鲤鱼将轮椅推近,开了箱子,里面全部是十两重,成色极好的金锭子,只有角落里摆着个象牙雕的小瓶,似乎是贮着酒的摸样。
鲤鱼看得这满眼的金光,也只是恬淡地翘了翘嘴角,道:「还是你知晓我的爱好。
」
这话听起来三分像是称赞,然而垂丝君听了却不领情地摇头道:「我只道你喜爱黄金白银与美酒,却不知道你为什么喜欢。
」
鲤鱼道:「你别的宝贝虽然也是好物,但我却不懂得鉴赏,日后若再与别人兑换成金银,只怕是要吃亏。
还不如直接要金银来得干脆。
而酒浆只是单纯爱好罢了。
」
垂丝君并不理解那些金银对于鲤鱼的作用。
「你一个出世修行之人,要这么多金银做什么。
就算是那五湖四海的龙君们,得了珍品大多也是摆来欣赏,却没听说过拿来花销的。
」
位列仙班的淡水龙族,全部是由得道的鲤鱼跃龙门而成,当年与殷朱离同在洞庭遨游的鲤鱼中,半数都已经跃过龙门,飞身成龙。

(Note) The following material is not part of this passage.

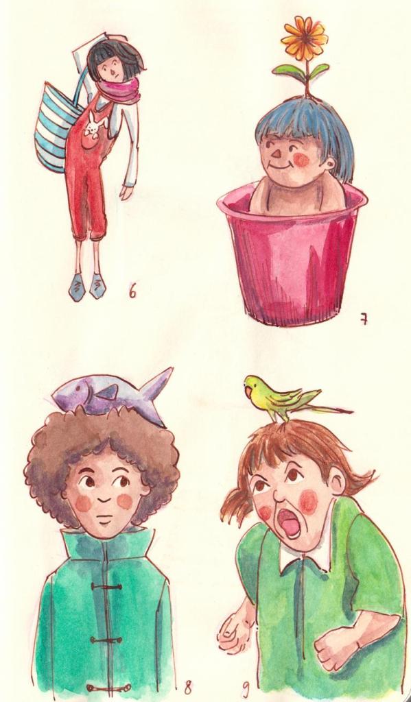 Love how these 4 turned out. I am using the opportunity to have fun with different styles and mediums. Used a mix of sienna ink, watercolour and coloured pencils for these.

殷朱离非是无能,却总是抱守着某个不明的缘由留在地上。
他道:「我是地仙,只要一日踏足在这土址上,那些金银终究会有用的一天。
我也不理解你为何要留着那么许多财宝。
但你一定有自己的打算。
」
这话说中了垂丝君的心思。
朱离顿了顿,又道:「你带来的那个青年,并非如表面上那么单纯。
我虽无甚法力,却还粗通面相术数,他眉疏而秀长,主机敏聪慧,眼细深长,却又带着些邪气,而再者双唇薄而嘴角微坠,又分明是刻薄寡恩的情形。
相由心生,你又怎可不提防。
」
垂丝君默默听完鲤鱼的话,也不辩驳,只是微微点了点头道:「这事我有分寸。
」
殷朱离自知撼动不了他的决定,也惟有苦笑着看他再走回洞中。
垂丝君刚走进洞中,便听见听醴潭那边一阵??的自言自语,于是猜想着常留瑟是不是在偷懒,便加紧了步伐要进去监督。
也正是因为心中有了想法,垂丝君并没有发觉在他的脚边,有一道从听醴潭悄悄带出,又匆匆赶回的水痕。
「我并没有躲懒!
」常留瑟泡在水里委屈道,「方才运功行了一个大周天,之后就感觉筋脉胀痛,也不敢再擅自作主张,正想着要不要出去找你回来呢!
」
...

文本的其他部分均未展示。